Specifically, a review action may cause the underlying transaction
to be held, until the merchant 102 (or the admin 114) is able to
review and permit the transaction to proceed. By such an action, a
message including various details of the transaction may be
transmitted to the merchant 102, and particularly to the admin 114,
requesting/requiring the merchant 102 to make a decision on whether
or not to permit the transaction to proceed. An authenticate action
may cause the sales platform 124 (or other communication medium
with the consumer 118) to facilitate an authentication process with
the consumer 118, prior to permitting the underlying transaction to
proceed. Such authentication process may include authentication by
a biometric (e.g., fingerprint, facial recognition, etc.) of the
consumer 118, or otherwise (e.g., PIN, security question, etc.)

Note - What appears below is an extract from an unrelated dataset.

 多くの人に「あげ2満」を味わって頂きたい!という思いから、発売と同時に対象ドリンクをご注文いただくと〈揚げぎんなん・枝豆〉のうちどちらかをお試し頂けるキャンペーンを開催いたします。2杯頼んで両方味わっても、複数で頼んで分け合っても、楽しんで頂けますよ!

etc. A decline action may simply include the sales platform 124, or
another part involved in the underlying transaction, declining the
transaction.
[0043] In response to the interface 500, the admin 114 selects a
prescribed action from the options at 502. In turn, and as shown in
the method 300 of FIG. 3, the engine 122 receives the selection of
the prescribed action, at 302. The admin 114 then selects a fraud
prevention rule from the interface 500, to implement in connection
with the selected action, and the engine 122 receives the selection
of the fraud prevention rule, at 304. The selection may indicate
one or more of a variety of rules, both generic and specific,
including, for example, basic fraud prevention rules 504 (i.e.,
automatic rules), amount-based rules 508, frequency-based rules
510, location-based rules 512, and security-based rules 514.

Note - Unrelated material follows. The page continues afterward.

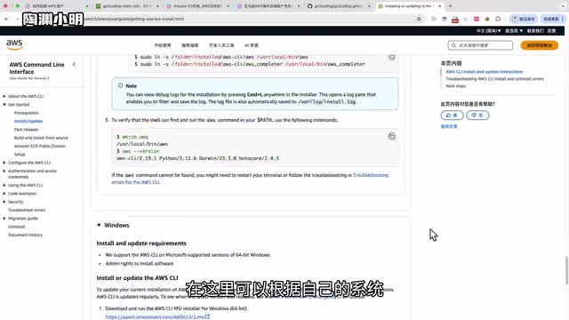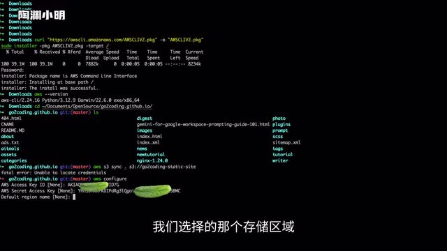 那存储桶配置好以后,我们接下来要把项目中的静态网站文件上传到存储桶这里。我们需要先安装这个上传用的命令行工具。我们打开这个网址,在这里呢可以根据自己的系统来查看安装的操作步骤。我这里是mac系统,然后复制这个安装命令执行它。安装完成了,接下来我们使用它来把网站文件上传上去。

Selecting includes, for example, selecting from a number of options
or further, in some embodiments, entering or otherwise inputting of
a particular fraud prevention rule (i.e., not limited to choosing
among predefined ruled, actions, or criteria). The admin 114 then
provides the criteria for the particular rule(s) selected (if
necessary) (e.g., a dollar amount, a transaction count, a region,
etc.). In turn, as shown in FIG. 3, the engine 122 receives the
criteria, at 306.
[0044] With reference to the exemplary rules 504, 508-514 in the
interface 500 of FIG. 5, the "Basic Protection" rule 504 may be
selected, with the criteria being set to either "Medium" or "High"

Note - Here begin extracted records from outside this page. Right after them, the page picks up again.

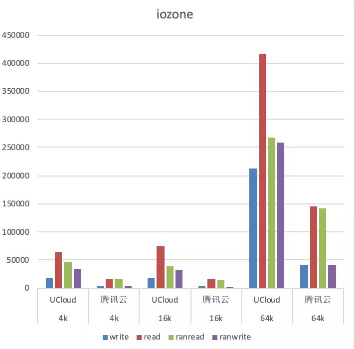 本次测试我们使用的iozone工具对文件系统进行多个不同大小的io块进行测试,这里我们主要摘取了在4K/16K/64K的测试项下,磁盘每秒顺序读写和随机读写的操作吞吐量。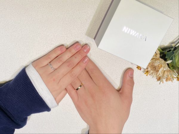 結婚指輪の受け取り時に婚約指輪をプレゼント!おしゃれな俄のセットリング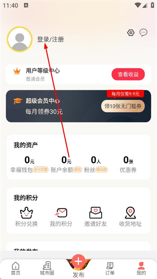 2、在我的頁面中,找到并點(diǎn)擊登錄/注冊區(qū)域。
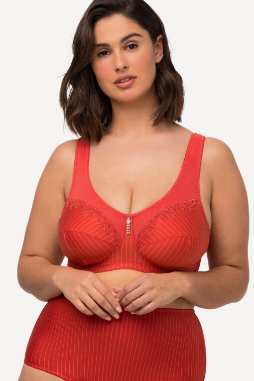 Deze comfortbeha met klassiek krijtstreepdessin geeft veilige steun voor grote maten en is daardoor een betrouwbare partner. De extra brede, gepolsterde, in lengte verstelbare bandjes en het hogere rugdeel voorkomen het snijden in de huid. Daardoor zit de beha aangenaam en beschermt zo de rug en schouders. De band onder de buste, de ingewerkte inzetten van netstof opzij en onder de bandjes zorgen voor goede steun en passen zich optimaal aan het lichaam aan. Een extra sikkelvormige inzet in de cup ondersteunt en pusht licht de buste.

by sliding a button 506. This rule 504 permits the sales platform
124, or a third party associated therewith (or other part of system
100), to score the overall transaction on a low-medium-high scale
for the transaction, often taking into account numerous
conventional indicators of fraudulent transactions (e.g., various
different fraud scores, etc.). As shown, the prescribed action that
is selected in the illustrated interface 500, from the options at
502, is authenticate. As such, when the "Basic Protection" rule 504
is also selected by the merchant 102, and when the fraud score
generated for the underlying purchase transaction is consistent
with the criteria setting provided by the merchant 102 in the
interface 500 (i.e., is "High"), the sales platform 124 (or other
form of communication with the consumer 118) facilitates an
authentication process with the consumer 118.
[0045] In addition, when the admin 114 instead (or additionally)
selects the amount rules 508 at the interface 500, another
interface is displayed to the admin 114 at communication device
116. Specifically, as shown in FIG. 6, for example, an amount rules
interface 600 is displayed that permits the merchant 102 to modify
the prescribed action for the amount rules 508 (as previously
selected at the interface 500), at the options at 602, and then to
enter (or select) an amount criteria (at box 604), whereby a
transaction that exceeds that amount will implement the prescribed
action (i.e., the authenticate action in the illustrated interface
600). Thus, in this example, the merchant 102 selects the
prescribed action of authenticating the consumer 118, when a
transaction by the consumer 118 at the merchant 102 exceeds $1,000.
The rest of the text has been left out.